We will store the current answer as an array of characters A[i]. For each position in the array A[i] we will store the flag C[i] which is true, if the A[i] is the end of some sequence starting from the beginning of the array and built using the rules from the problem statement. All A[i] at the beginning should be equal to some "empty" character, which should be considered lexicographically later than any other, all C[i] should be equal to false.

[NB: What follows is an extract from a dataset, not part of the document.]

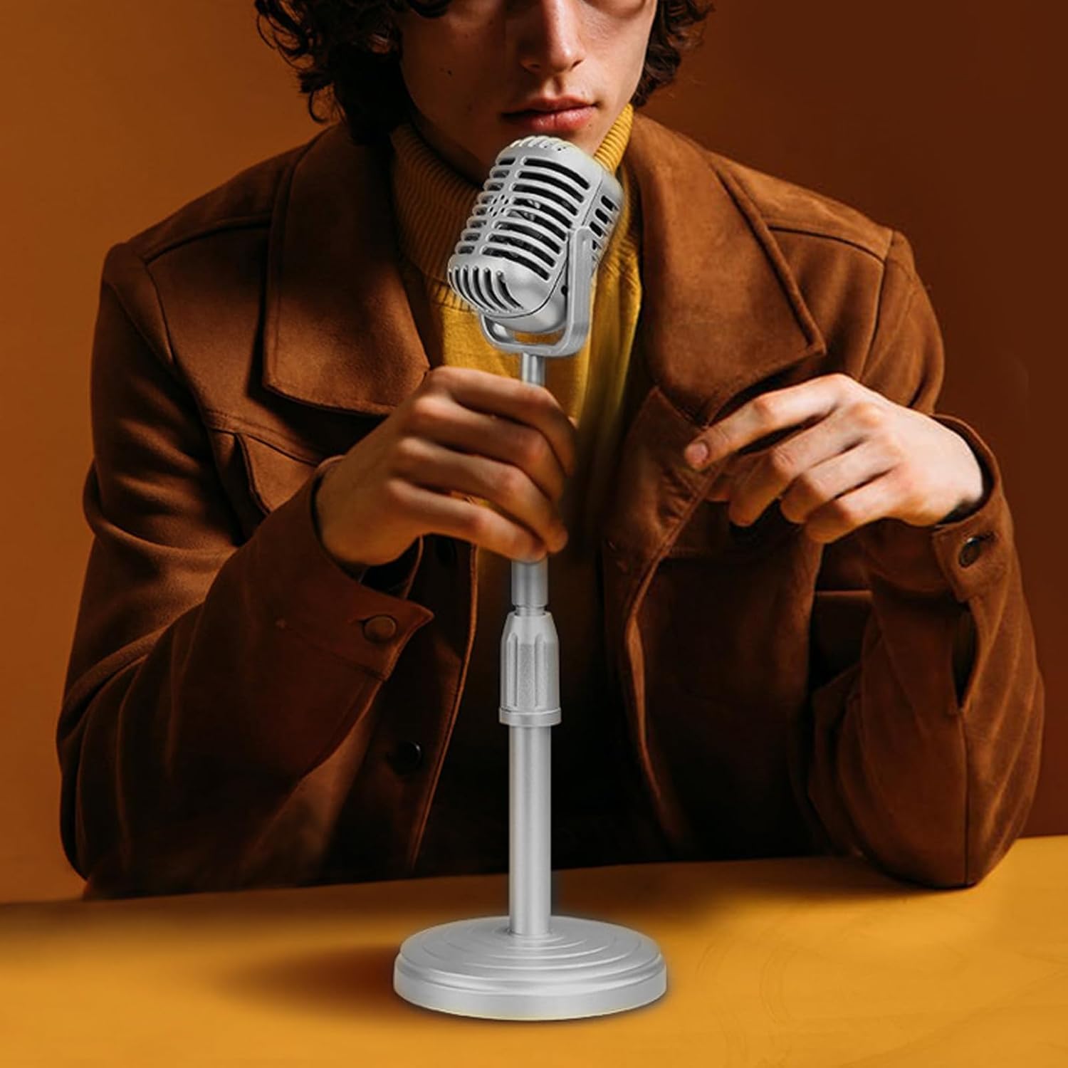 [Design Leggero] Ricorda un microfono tradizionale ma è leggero per un uso prolungato e una facile trasportabilità. [Scopo dell'Applicazione] Ideale per le prove di discorso, canto e danza, aiutandoti a preparare le esibizioni sul palco senza sforzo. [Decorazione Vintage] Ideale per interpretazioni di personaggi o scene d'epoca, aggiunge un tocco retrò sensazione nostalgica. [Migliora il Tuo Gioco di Ruolo] Microfono finto ideale per scene anime, aggiunge autenticità alla tua interpretazione durante esibizioni sul palco. [Altezza regolabile] Dotato di un supporto sollevabile per diverse esigenze di gioco, rendendolo versatile per varie composizioni sceniche.

The following pseudo-code shows the algorithm of the solution:

```  for i = 0..len-1 {
if (i > 0) and (not C[i]) continue;
foreach Word in dic {
if (i + length(Word) + L(last symbol of Word) < len) continue;
if (A[i] is not empty) and (Word[0] != A[i]) continue;
S = substring of A starting on the i-th position
with length equals to the length of Word;
if (Word > S) continue;
if (Word == S) C[i + length(Word) - 1] = true;
if (Word < S){
Pos = i + position of the first character which differs in Word and S;
for j = pos..index of the last non-empty character of A {
C[j] = false;
}
for j = 0..length(Word) - 1 {
A[i + j] = Word[j];
}
for j = i+length(Word)..index of the last non-empty character of A {
A[j] = empty;
}
C[i + length(Word) - 1] = true;
}
}
}
```

The answer will be the part of the A from the beginning to the first i>=len-1 for which C[i] is true.